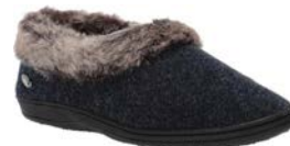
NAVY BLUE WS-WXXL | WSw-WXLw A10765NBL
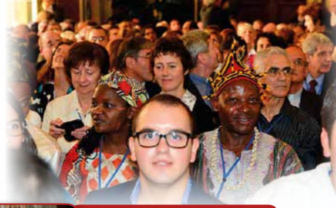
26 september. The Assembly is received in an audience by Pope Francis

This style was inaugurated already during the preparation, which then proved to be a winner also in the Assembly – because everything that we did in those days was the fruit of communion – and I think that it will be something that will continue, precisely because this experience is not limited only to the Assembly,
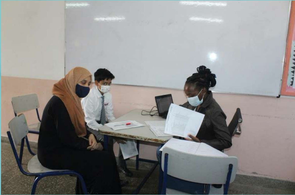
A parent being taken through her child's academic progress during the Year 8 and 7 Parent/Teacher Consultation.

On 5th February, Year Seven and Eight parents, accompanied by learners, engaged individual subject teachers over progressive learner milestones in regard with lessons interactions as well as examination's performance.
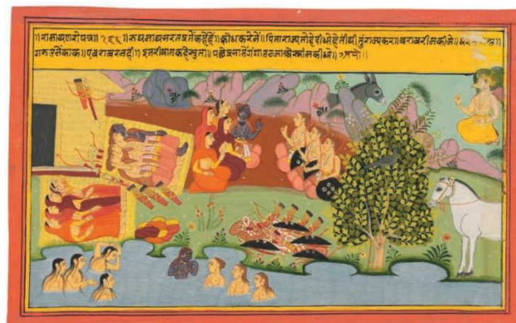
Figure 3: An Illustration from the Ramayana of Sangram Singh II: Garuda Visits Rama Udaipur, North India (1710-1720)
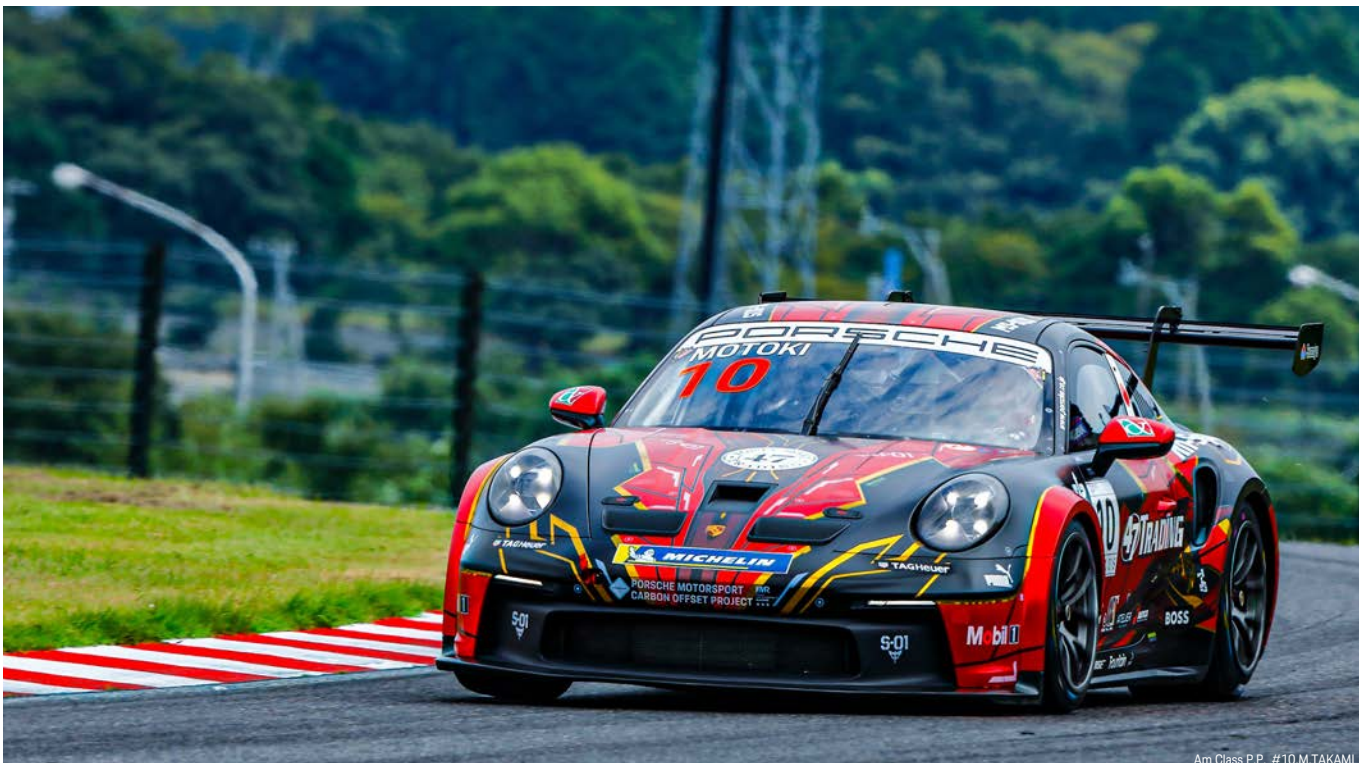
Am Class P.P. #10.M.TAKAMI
*****
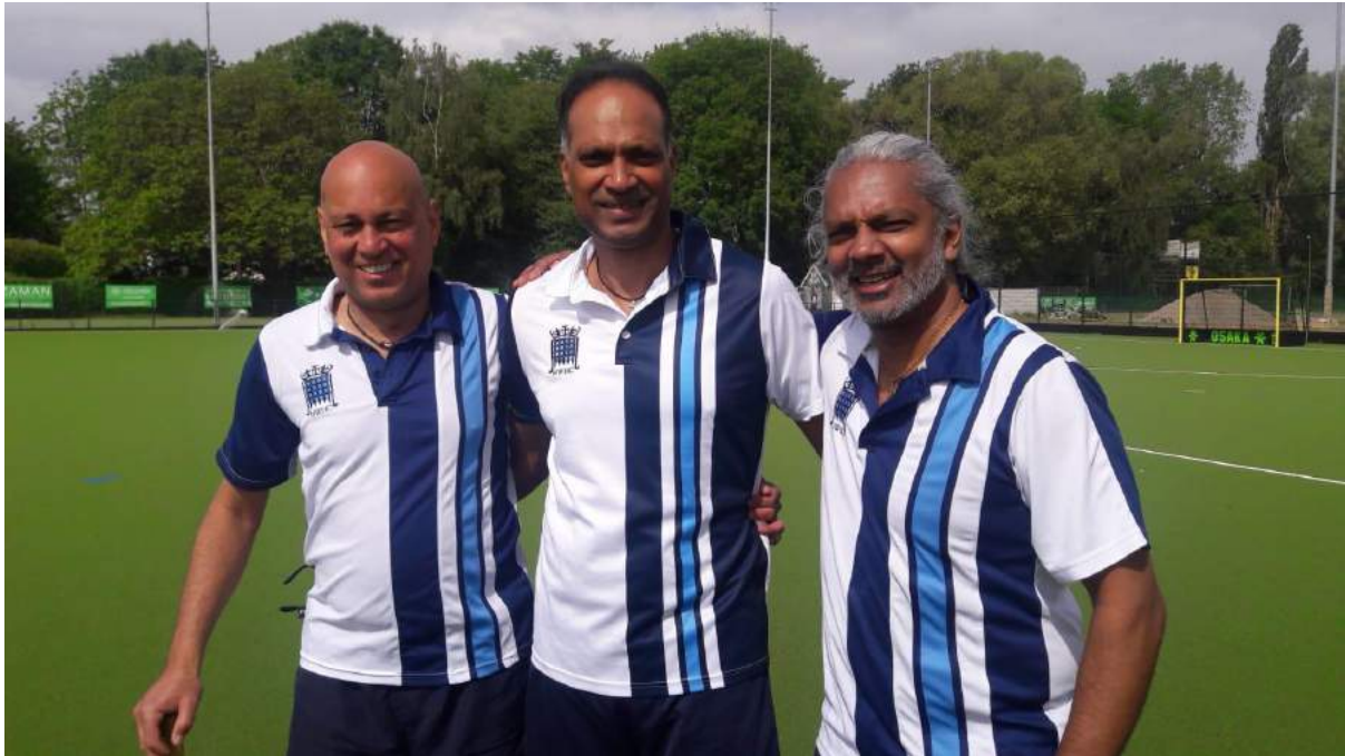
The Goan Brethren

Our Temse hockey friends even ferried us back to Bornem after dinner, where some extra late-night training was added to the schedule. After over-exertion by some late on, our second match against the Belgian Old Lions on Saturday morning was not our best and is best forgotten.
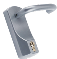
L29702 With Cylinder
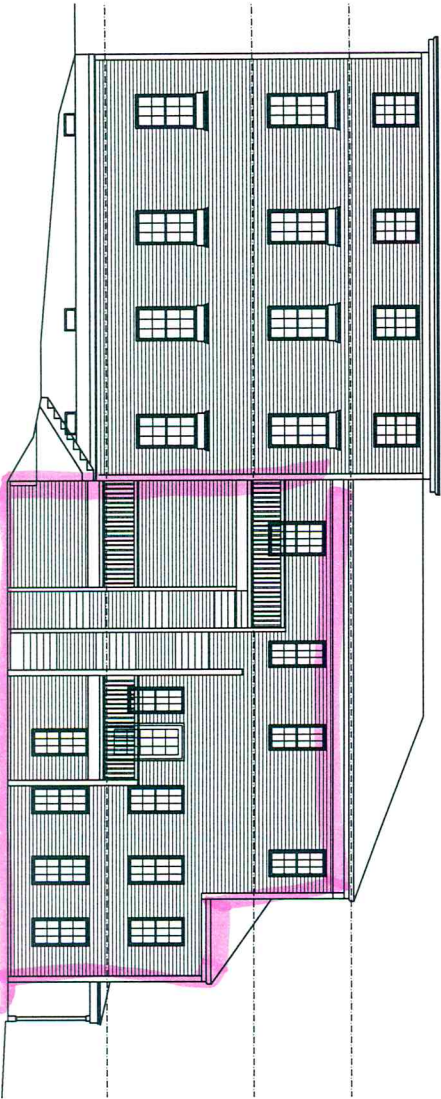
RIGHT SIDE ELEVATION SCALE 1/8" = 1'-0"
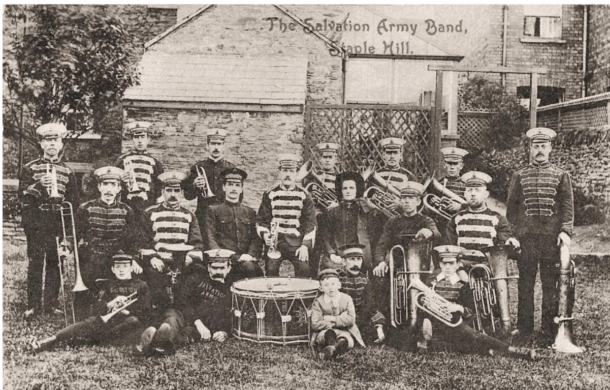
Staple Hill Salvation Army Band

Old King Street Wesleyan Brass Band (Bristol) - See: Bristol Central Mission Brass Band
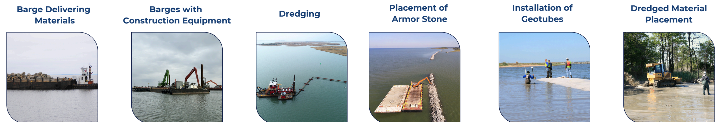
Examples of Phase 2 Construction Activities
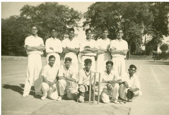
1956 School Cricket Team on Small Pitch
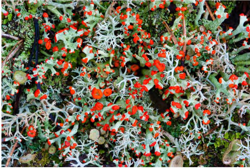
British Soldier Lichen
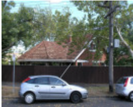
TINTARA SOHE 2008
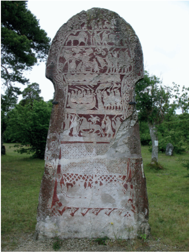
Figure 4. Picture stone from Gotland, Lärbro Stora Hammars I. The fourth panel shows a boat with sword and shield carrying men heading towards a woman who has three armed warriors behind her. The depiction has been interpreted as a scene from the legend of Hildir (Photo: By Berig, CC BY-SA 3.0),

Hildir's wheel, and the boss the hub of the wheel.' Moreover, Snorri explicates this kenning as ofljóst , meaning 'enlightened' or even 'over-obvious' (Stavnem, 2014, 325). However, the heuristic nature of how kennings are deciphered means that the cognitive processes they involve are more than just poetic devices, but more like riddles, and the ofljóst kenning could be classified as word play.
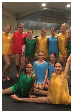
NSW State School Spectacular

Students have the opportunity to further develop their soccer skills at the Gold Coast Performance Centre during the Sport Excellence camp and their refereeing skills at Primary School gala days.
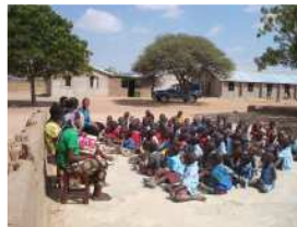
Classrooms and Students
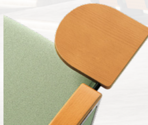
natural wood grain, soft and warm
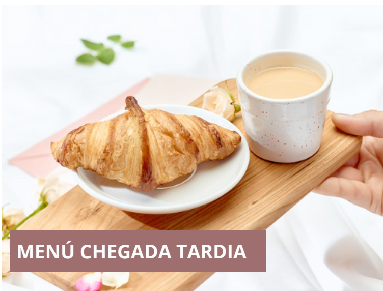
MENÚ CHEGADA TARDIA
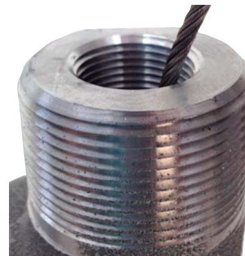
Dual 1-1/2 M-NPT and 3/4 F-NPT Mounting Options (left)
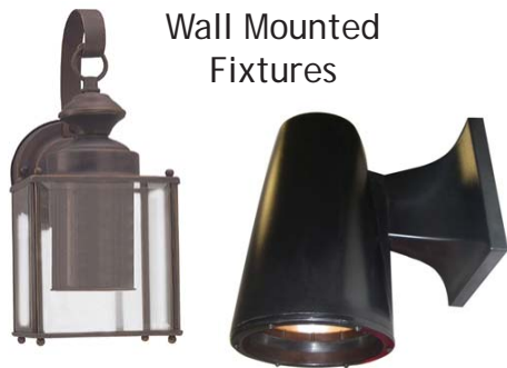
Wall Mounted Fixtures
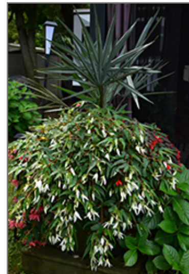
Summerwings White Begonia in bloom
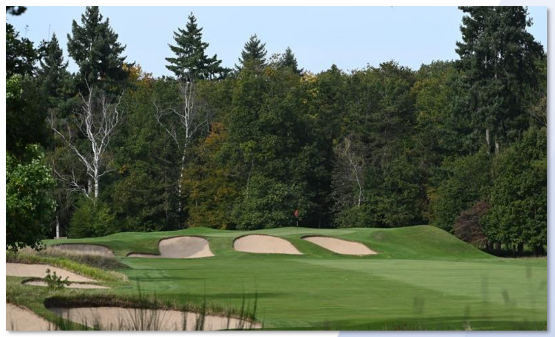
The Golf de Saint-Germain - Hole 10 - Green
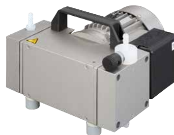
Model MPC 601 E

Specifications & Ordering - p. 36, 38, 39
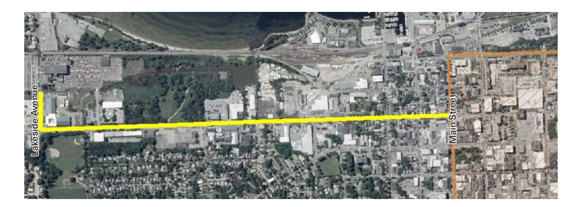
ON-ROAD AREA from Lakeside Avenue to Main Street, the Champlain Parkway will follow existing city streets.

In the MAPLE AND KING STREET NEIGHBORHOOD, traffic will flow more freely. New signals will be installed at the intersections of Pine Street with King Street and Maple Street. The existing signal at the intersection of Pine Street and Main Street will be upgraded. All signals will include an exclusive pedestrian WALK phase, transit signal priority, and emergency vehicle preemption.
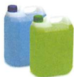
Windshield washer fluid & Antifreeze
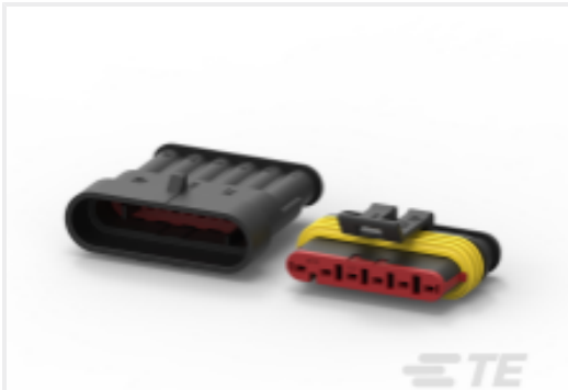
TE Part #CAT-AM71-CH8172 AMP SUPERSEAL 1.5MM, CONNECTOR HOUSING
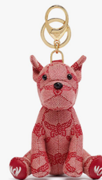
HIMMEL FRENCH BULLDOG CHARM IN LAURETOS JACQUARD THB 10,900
*****
Determine how many lines in the preceding records include the word "from". The answer is that number alone.

Solution for this task:
3